Even if not planning to share the repository, it is good to set the username and email address. This is done with git config
, globally (for all projects) with the argument --global
:
> git config --global user.name "Mona Lisa"
> git config --global user.email "mona.lisa@helsinki.fi"
We can then add files to be tracked and make commits like above:
> touch README.md
> git add README.md
> git commit -m "Starting a new project"
[master (root-commit) 4068c03] Starting a new project
1 file changed, 0 insertions(+), 0 deletions(-)
create mode 100644 README.md
> git log --oneline
4068c03 (HEAD -> master) Starting a new project
Note though that the Git-generated files (inside .git/
) have write permission such that they can’t be deleted with the simple rm
command; instead, the --force
argument has to be used and we can delete the project and its Git repository with the commands:
> cd ~/IntSciCom
> rm -rf AnotherProject
Git is a central tool for everyone working on programming code and computer-based data analysis. However, Git works for any kind of text- and line-based files, for example, manuscripts written with Markdown or LaTeX. Git can also be useful when working on multiple computers and allows keeping files up-to-date.
The idea of Markdown is that the files can be easily written and read in the “raw” format but then, with software such as Pandoc, be translated into various more visual formats.

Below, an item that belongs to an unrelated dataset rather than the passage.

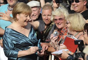 Se inauguró Bayreuth con “El holandés errante”. Angela Merkel cumplió con la tradicción asistiendo a la gala. Parecía una actriz firmando autógrafos. Como la cosa creía que iba de mar quiso dar un aviso a navegantes: “austeridad como yo. Recortad gastos y aprovechad el fondo de armario”. Pero, por las fotos, ya ven que la cosa no iba de mar, sino de sociedad materialista y de consumo frente a sociedad espiritual y fantasmagórica. Samuel Youn resolvió la papeleta, pero muy lejos de los grandes bajo-barítonos que han cantado el papel en la colina sagrada. Gracias, señor Thielemann, por su impresionante lectura.

Pandoc can translate Markdown to tens of other formats, including Microsoft Word and PowerPoint.
This web course was written in Markdown using Quarto (which uses Pandoc) and Visual Studio Code. VSC has plugins that facilitate compiling Markdown into a website (such as this course) or a Pdf document (manuscripts and other text documents). The resulting html-documents were managed and copied to the server computer using Git.